縊鬼のまま現世に留まって、現生の恨み辛みを受けて復讐に手を貸しているよりも、成仏できる日を目指す方がいいと思わない」
「まだ俺には何が正しいのか全く分からないよ。
それに、これが悪夢ではなく、現実に起きている事だとも信じきれない」
「そうね、信じろと言う方が無理よね。
それに、中途半端に信じられて、おかしな宗教活動されても困るわ。
嘉一が完全に常世から離れて現世に戻ったら、私達にも手出しできないけれど、わずかでも常世に係わりがあると、悪事を働いたら地獄に落とさなければいけないわ。
私もそんな事はしたくないから、できる事なら、嘉一には現世で修業をして少しでも徳を積んで欲しいわ」
嘉一は祖母の教えを思い出していた。
親兄弟、親戚との事に絶望していた嘉一だが、中学入学と同時に亡くなった祖母の事はとても尊敬していたし、今も愛情を持っている。

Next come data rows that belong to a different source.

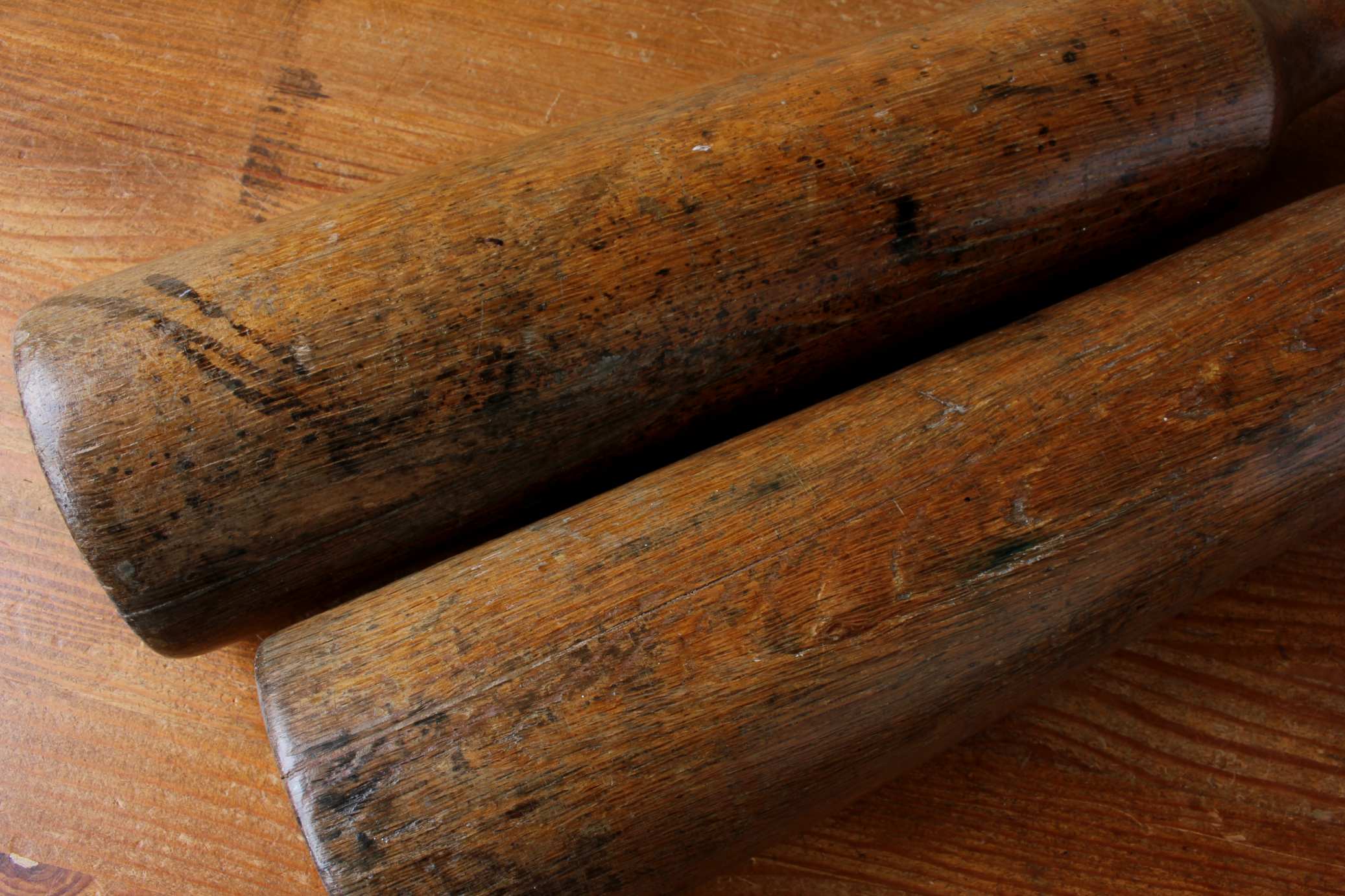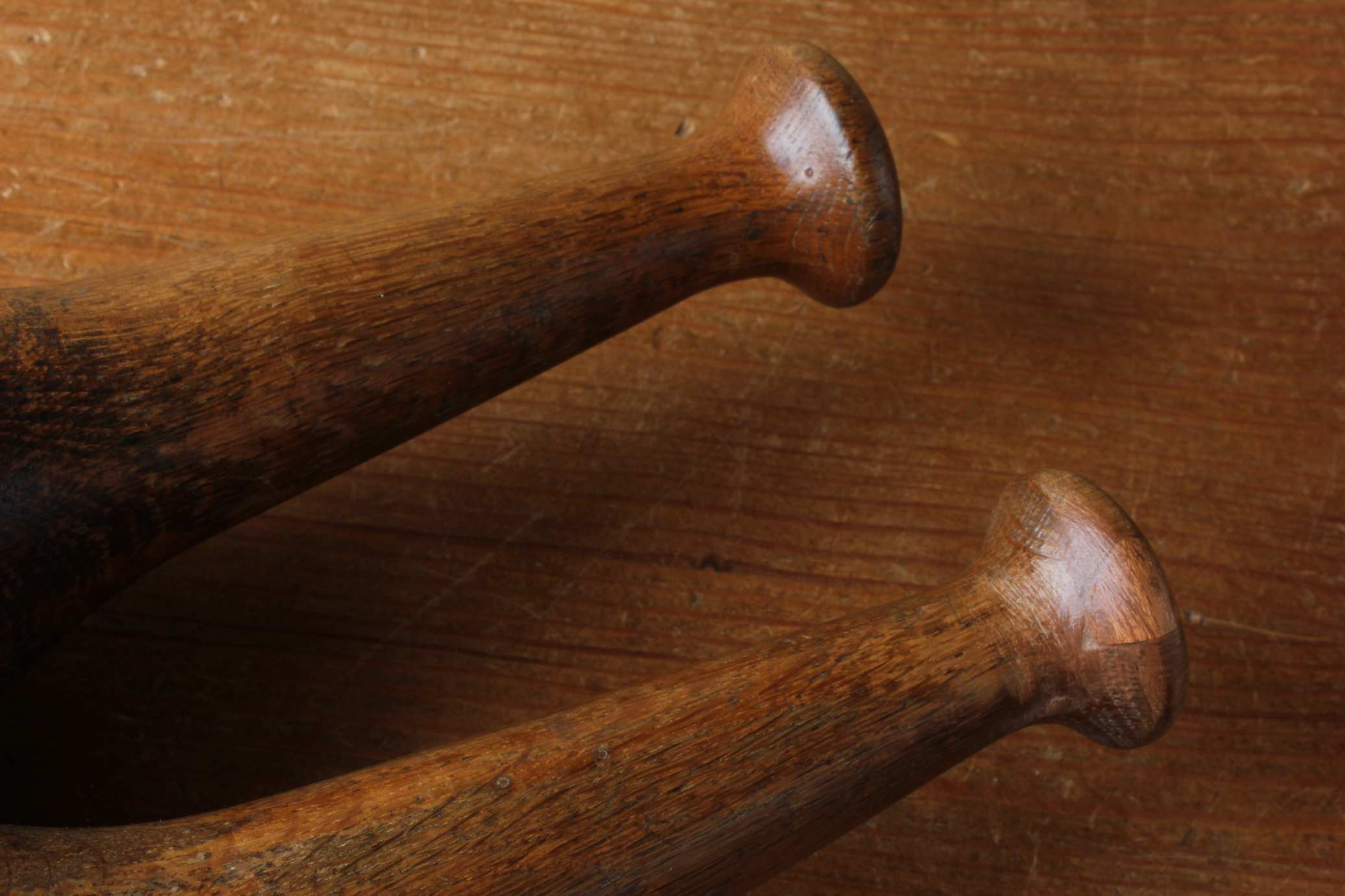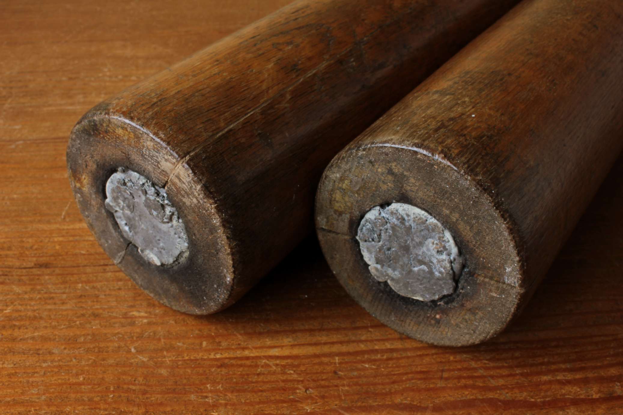 These two exercise clubs have an unusual shape, have lead weights fitted to the insides so are extra heavy at just over 3 kg each and have a beautiful patina.
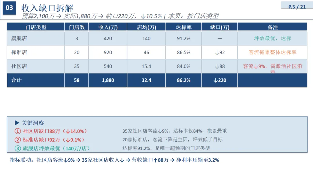 门店类型维度 :35家社区店达标率84%、缺口88万;20家标准店缺口92万;旗舰店达标率91.2%最优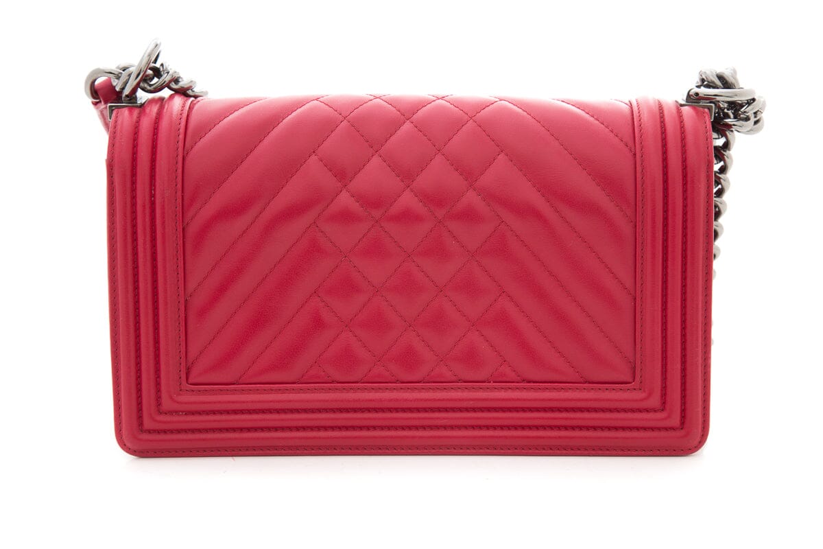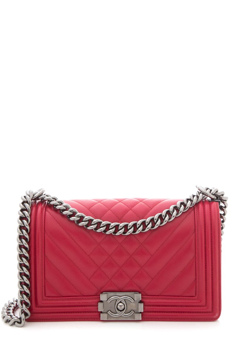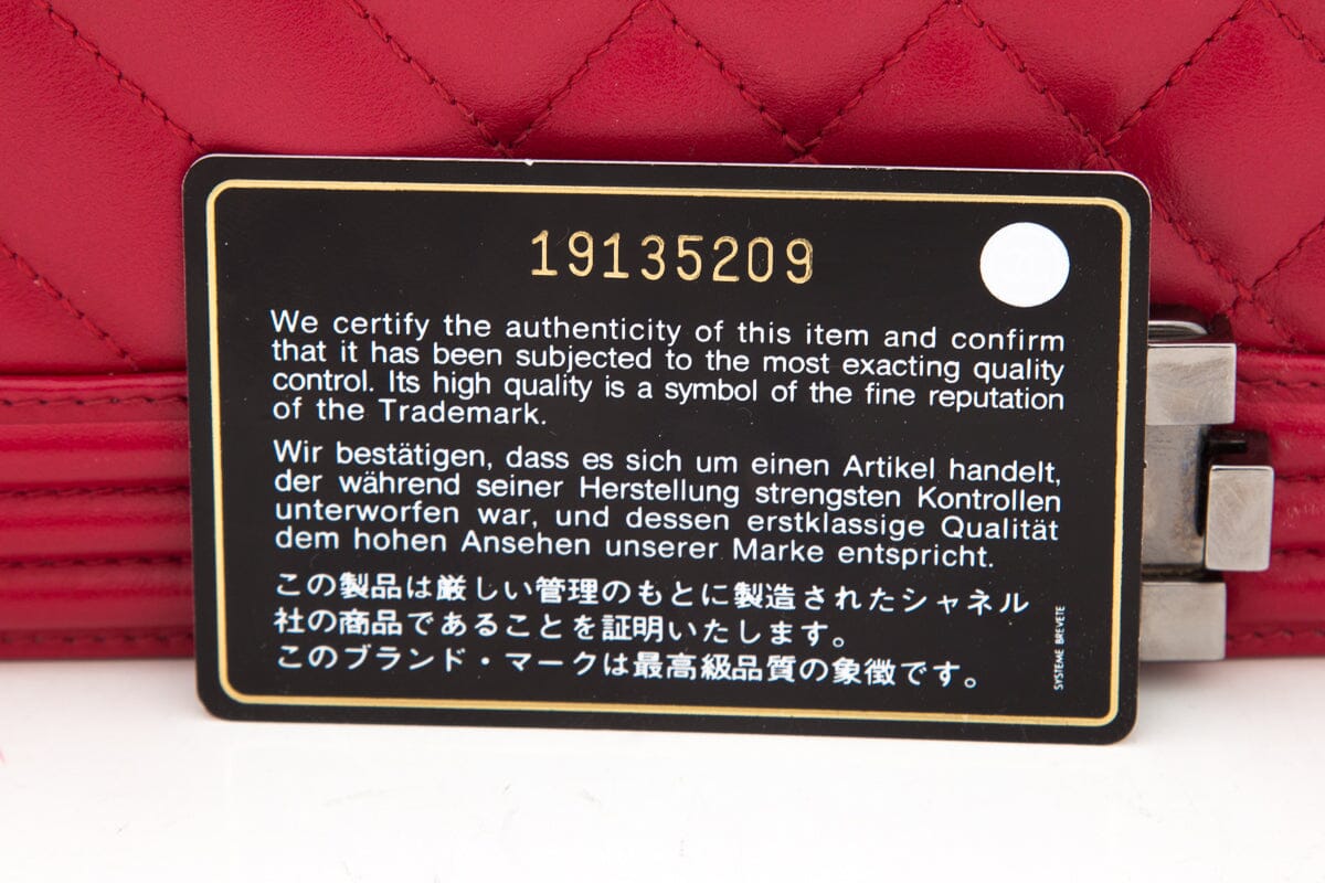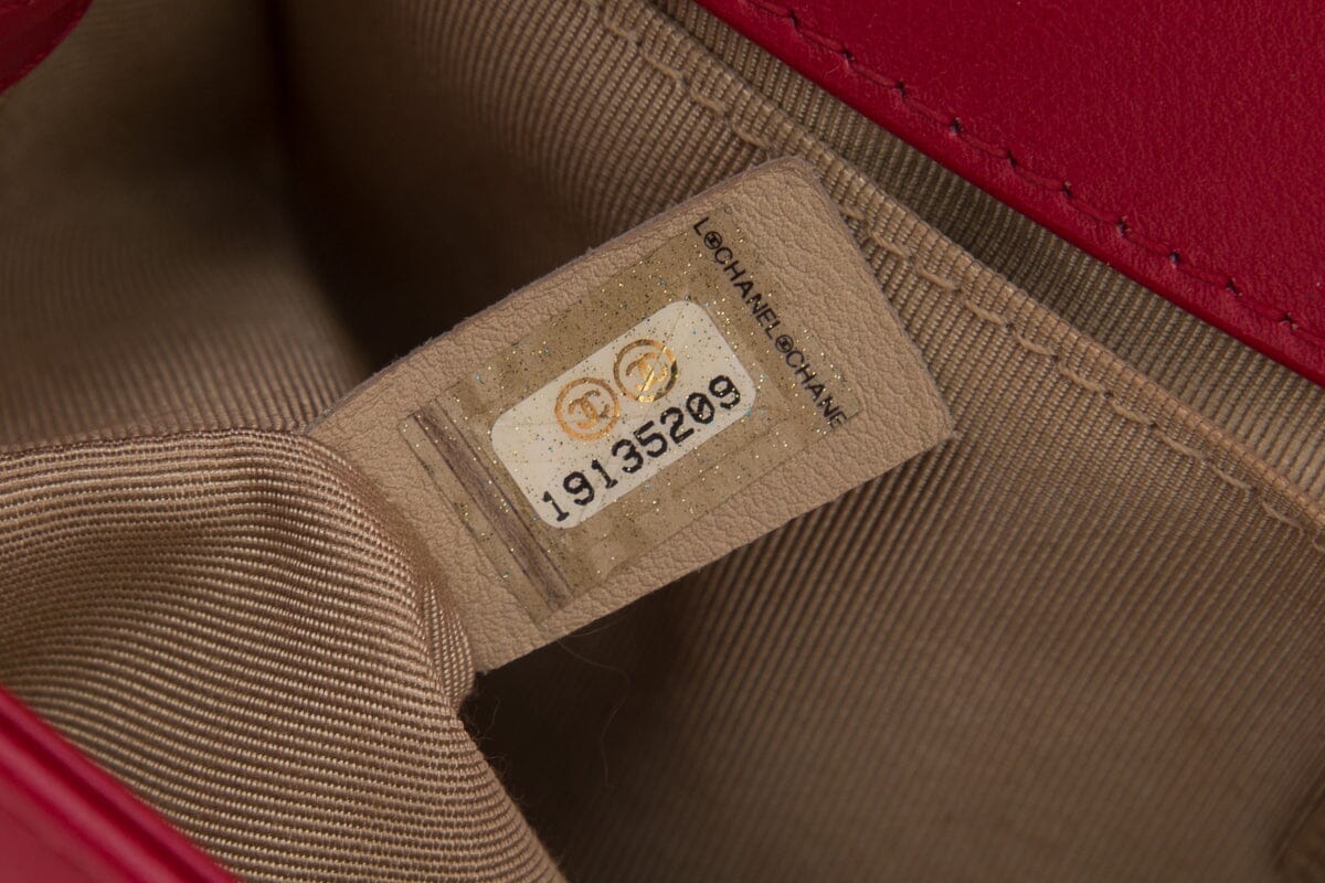 Chanel Red Medium Quilted Lambskin Handbag. This item is in New condition; slight wear to leather on corners.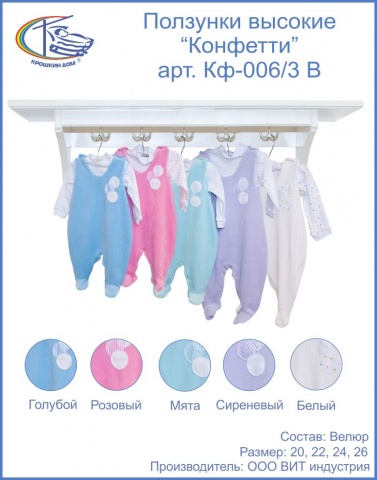 Мягкие, эластичные велюровые высокие ползунки-полукомбинезон с застежкой на кнопки на плечах с декоративным элементом на груди. Отлично смотрятся с боди арт. Кф-016/3 И или кофточкой арт. Кф-010/3И из этой же коллекции. В ветреную погоду оденьте сверху Жакет-спенсер арт.703 ТИ из пушистоговелсофта на трикотажном подкладе.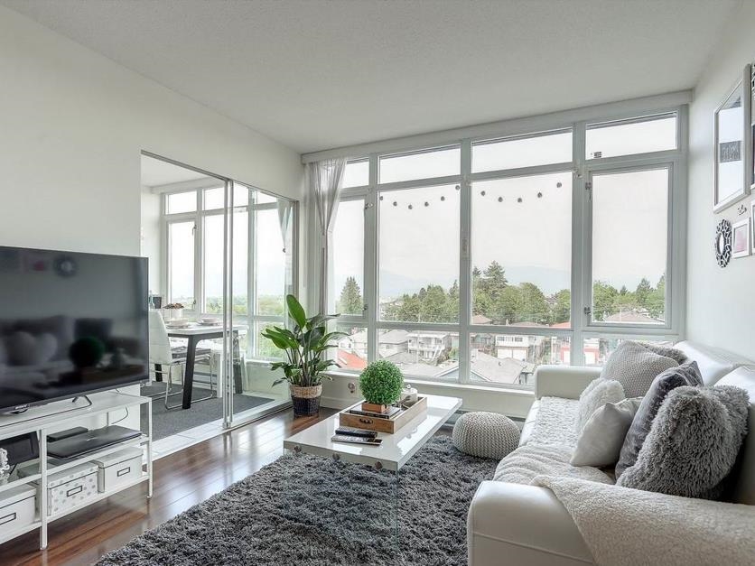 Excellent Location. Nanaimo/Kingsway. Quality built by renowned Wall Centre Development Group. Spacious, functional layout, no waste space. Most sought after 1 Bedroom, 1 Den and a Flex room. Floor to ceiling wall to wall windows welcomes bright natural light and beautiful view of North shore mountain. Immaculate, well maintained. Beautiful contemporary gourmet kitchen with gas stove, stainless steel appliance package. Great amenities: Fully professionally equipped 2 level fitness center, party room with garden terrace. Well managed with low maintenance Fee. Convenient and central location. Minutes from Nanaimo Skytrain Station. Pets friendly and rental allowed. 1 parking, 1 storage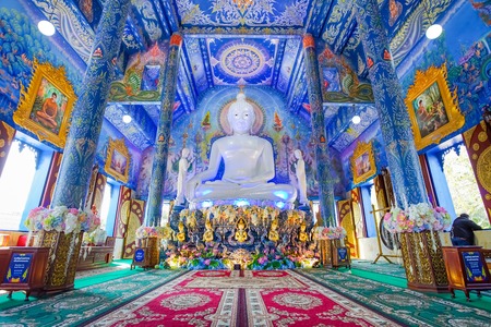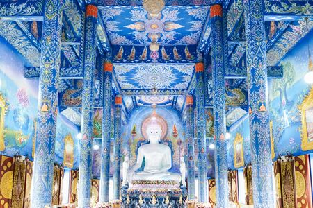CHIANG RAI, THAILAND - December 20, 2017: Very beautiful buddha image in the chapel of Wat Rong Sua Ten or Rong Sua Ten temple. This place is the popular attraction for Chiang Rai trip.

もしこれが現実に起きている事なら、祖母と同じように成仏したかった。
嘉一には祖母なら成仏しているはずだという思いがあった。
徳を積まなければ死後に祖母と会えないのなら、少々厳しくてもやる心算だった。
そうすれば大嫌いない親兄弟や親戚と死後に会わなくてすむという思いもあった。
あいつらは確実に地獄に落ちていると、嘉一は確信していた。
「分かった、だったら貴方達の手伝いをさせて欲しい。
自分だけで徳を積めと言われてもとても無理だ。
全ての衆生を救いたいと思っているのなら、俺も救ってくれ。